Turns out the new lead wanted a pound of flesh for Paul’s miserable accountability and sales deck. And I was the sacrificial scapegoat. I was fired for the lack of leadership in the Bayer meeting. The woman asked Mark, “What was the web guy doing in the meeting anyway?”
And boom. Mark failed to come to any aid when the bus was aimed in my direction. Bob 2 met me on Saturday to get my badge and laptop.
“But Bob, you were in the room. You saw what happened? How is that my fault?” As before, he was a pawn and knew very little. He was tasked with getting my laptop and badge. Bob Pearson was happy to have an infantryman do his work.
But I wouldn’t go silently. I called Bob Pearson upon touchdown in Austin. At first, he refused to meet, but eventually, he met me over coffee near the office for a debrief.
“It is out of my hands,” Bob Pearson said, looking directly into my eyes. He was lying. It was his business, his client, and his “boy” that he needed to protect. He didn’t want to have to hit the road for sales like he had done is his 30s and 40s. Leave that shit for Paul. He needed Paul a lot more than he needed me. I was expendable.
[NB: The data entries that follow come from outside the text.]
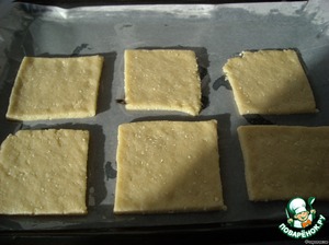 Тесто раскатать в пласт, сложить в несколько слоев и снова раскатать, так повторить 3 раза, затем разрезать на квадраты, переложить на смазанный противень.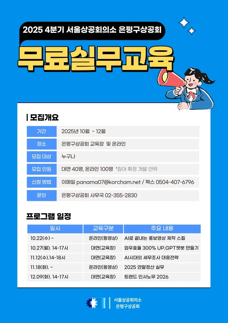 은평구상공회 10~12월 무료교육 신청 안내 "AI 활용 홍보영상 제작, 연말정산 실무 등"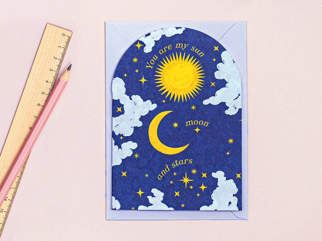 This card features hand painted illustration reading "You are my sun, moon & stars." This card is gender neutral so it's and perfect for all lovers.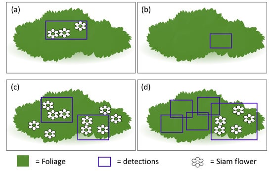 For the purpose of this study, true/false positive/negative are defined in the context of image tile and not individual bounding box or individual flowers. This is primarily due to the nature of the plant which often overlaps with adjacent plants and form a complex scene where the plant boundary is not distinct. So, quantifying accuracies at the individual flower or individual bounding box levels were considered less important. There were cases where the model made both correct and incorrect detections (bounding boxes) within a single tile. In such cases, the result was scored based on whether the model had more correct or incorrect detections for that image tile. For example, in Figure 3d, the model made several false positive detections over a patch of non-Siam weed vegetation and at the same time made a true positive detection on a patch of Siam weed; in this case, the model is considered to have made a false positive detection because, on the image tile level, the model has made more incorrect detections (Figure 3). The five independent validations were then averaged to derive accuracy metrics to minimise observer bias.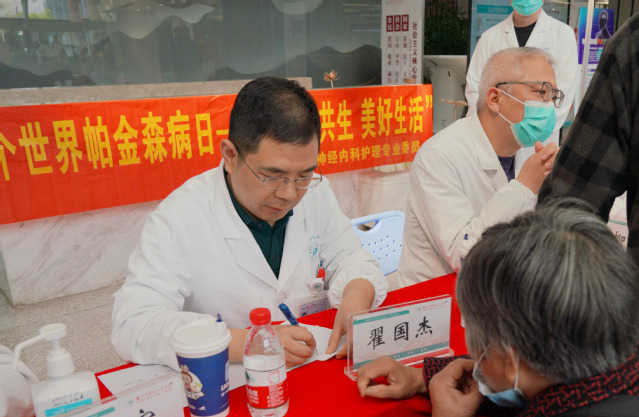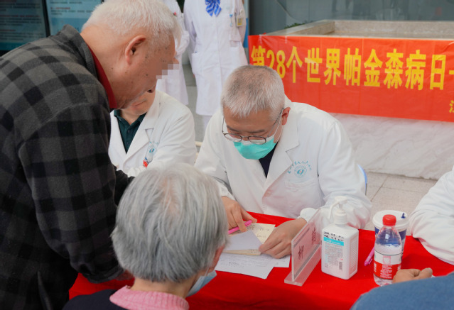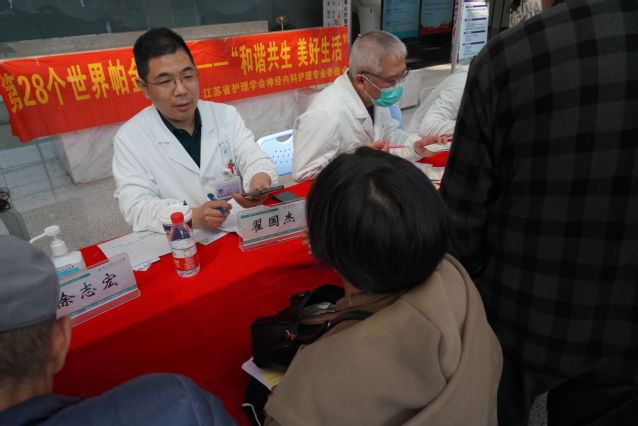 在第28个“世界帕金森日”来临之际,苏州九院神经内科为普及帕金森病知识,增强老年人自我健康管理意识,努力提高人民群众健康素养水平,在医院门诊一楼大厅开展义诊活动。今年的主题是“和谐共生,美好生活”。苏州市立医院柳荫主任、苏州九院神经内科徐元主任、翟国杰副主任等医护专家团队参加义诊。

“You know that’s not right. You approved my Neupro deck. You approved Mark’s contributions to my Neupro deck. And the ENTIRE meeting was about the account and our accounting. Very little of the meeting, 1 hour out of 5, was devoted to the web.”
I threatened to sue for wrongful termination the following week and WCG legal doubled my severance. Let’s just say, I don’t use Bob or Bob 2 as a reference anywhere in my LinkedIn portfolio. And, if you look at my LinkedIn profile you will see, that like Paul Dyer, I no longer list WCG as an employer. They’ve been demoted, in my seven months there, to a contract client of my freelance business. Paul, on the other hand, simply erased the entire job from his LinkedIN experience. I’m not sure how this doesn’t create a gap in his employment history, but I’m also not sure how “new york times bestseller” can be applied to a vanity published book, that was most likely launched with a “ny times best seller guaranteed package” much like Bob Pearson’s first book was. I think they are under the same vanity imprint.
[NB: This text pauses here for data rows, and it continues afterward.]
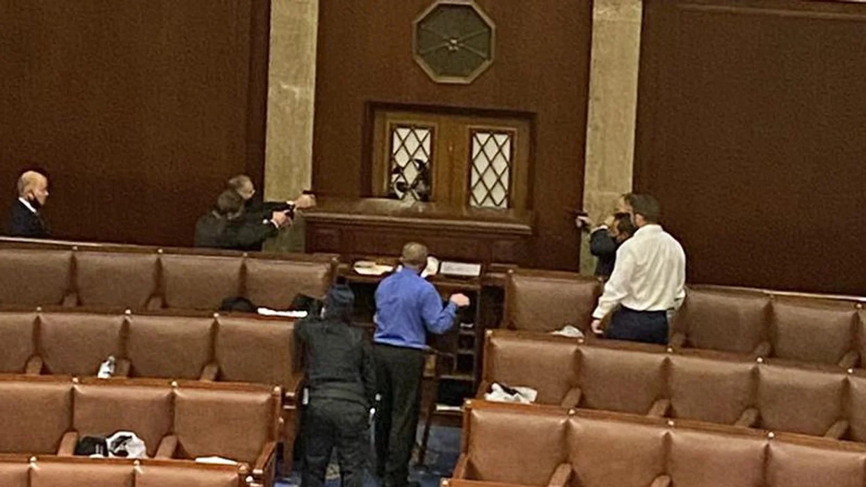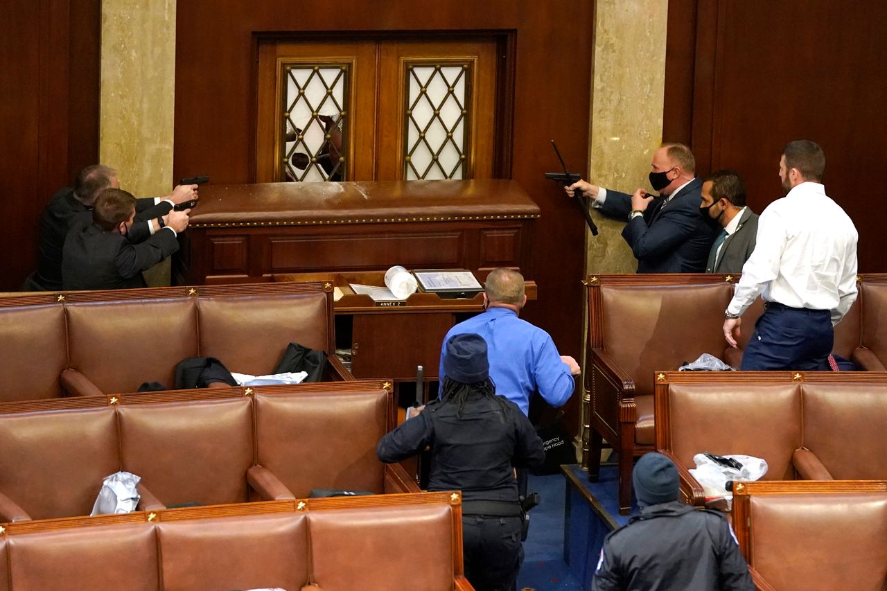 ドナルド・トランプの支持者が2020年の選挙の結果を覆そうとして国会議事堂の建物を襲撃した後、国会議事堂警察は下院の部屋の床に銃を引きました。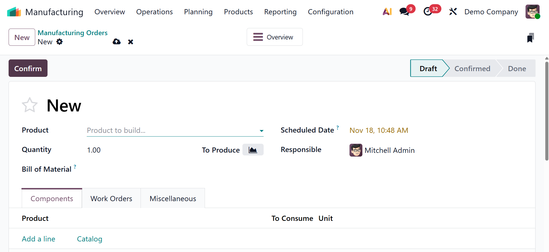 Odoo 19's creation page asks users to enter important information necessary for manufacturing operations, such as the Product Name, which describes the item to be produced, and the Bill of Materials (BoM), which lists the components and their necessary quantities. The number of units to be produced, the Scheduled date, and the Responsible User—the person in charge of the process—must all be specified in the allotted space.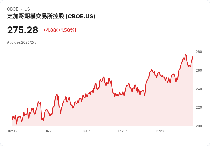 Cboe Global Markets 公佈第四季財報,每股非GAAP盈餘達 $3.06,超出市場預期;營收為 $671.1M,年增28%。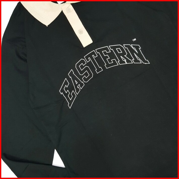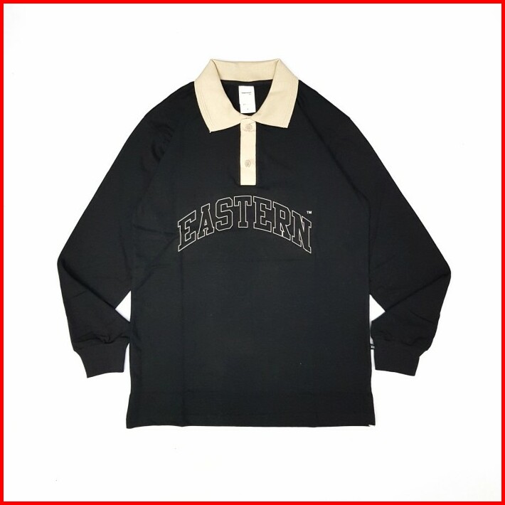 Rugby Shirt Long Sleeve Polo Shirt Polo Lengan Panjang Hitam Cream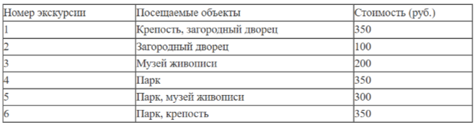 Пользуясь таблицей, подберите набор экскурсий так, чтобы турист посетил четыре объекта: крепость, загородный дворец, парк и музей живописи, а суммарная стоимость экскурсий не превышала 700 рублей.

And one final torch for bad actor Bob Blount a former Dell colleague. During a conversation, months before the Bayer beheading, he mentioned one of his big wins while at Dell. The project, Dell Multimedia Works, is a sales-enablement CD-Rom that I developed for ad agency SicolaMartin. When I heard him mention DMW I paused and said, “What? You worked on Dell Multimedia Works, the CD-Rom?” I was surprised. I had never heard his name before WCG. I didn’t reveal my hand at that point, but I quietly disconnected from him on LinkedIn.
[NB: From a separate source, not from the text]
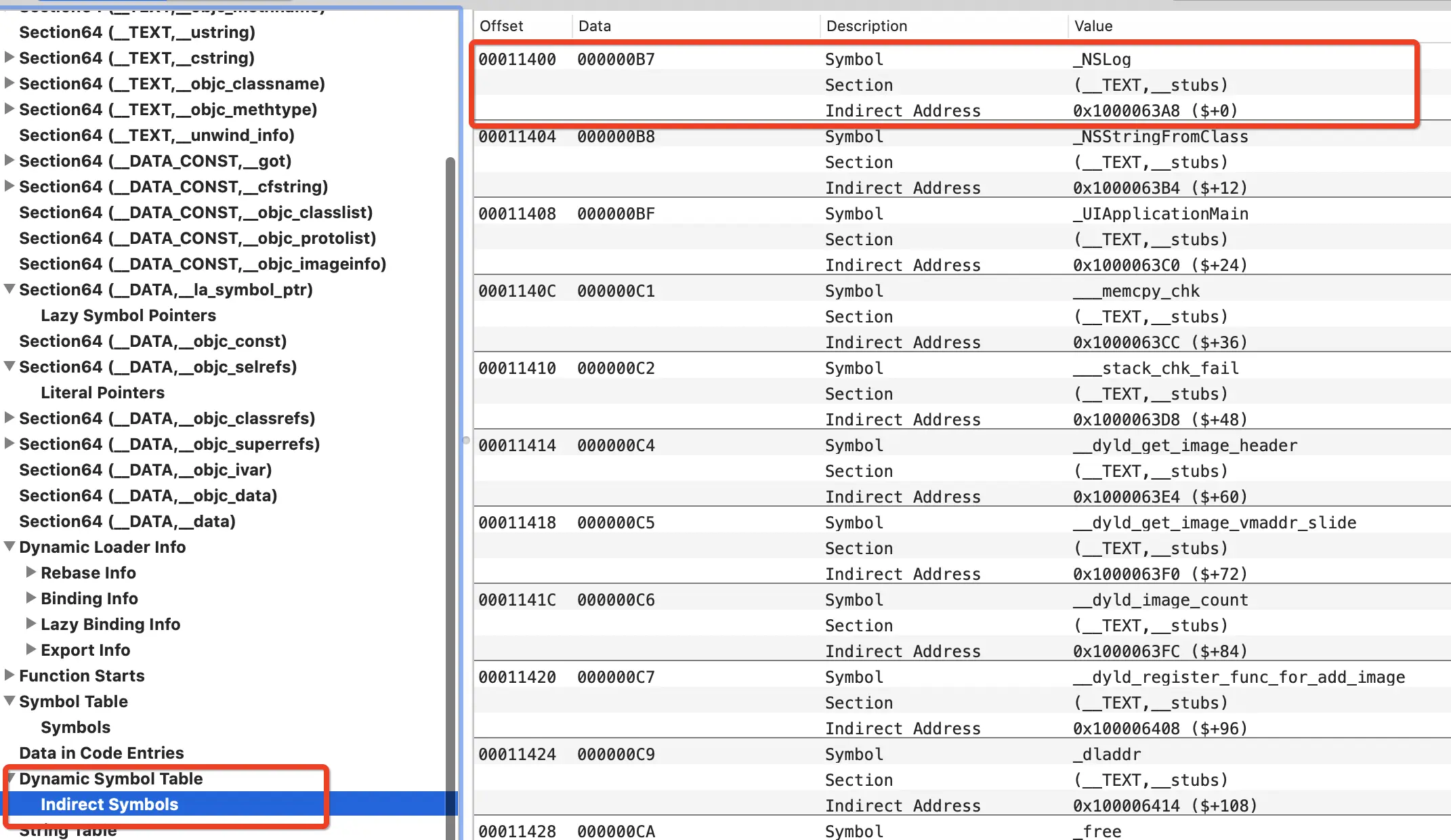 - 上面NSLog对应 Dynamic Symbol Table 里面NSLog的位置(这里都是第一个)

Here are two references for this story that were running concurrently with my original post here on Uber.la after I was sacrificed at WCG. I don’t recall if they kept the business after Paul’s flameout and my firing, but my friends on the team relayed their dismay as the Austin group of the agency went into major damage control over the following months. My friend, said at a lunch several months later, “We were all told one thing. But then the work they were having us do, was more like backfill for stuff we should’ve already done. None of it was about the Neupro website.”
References:
- Pfizer If You’re So Smart, How Come You Were Hacked by Kiddies? – Pharma Marketing Blog
- Four Lessons We Should Learn from the Facebook Hack – Pharma Marketing Blog
- Why Hackers Targetted Pfizer – CBS News
- Pfizer’s Facebook Page Hacked – Digital Pharma
Give my love and regards to Bob Pearson, Bob Blount, and uber-chump Paul Dyer, who’s face was featured on the Pfizer hacked page for about three days. Fun times.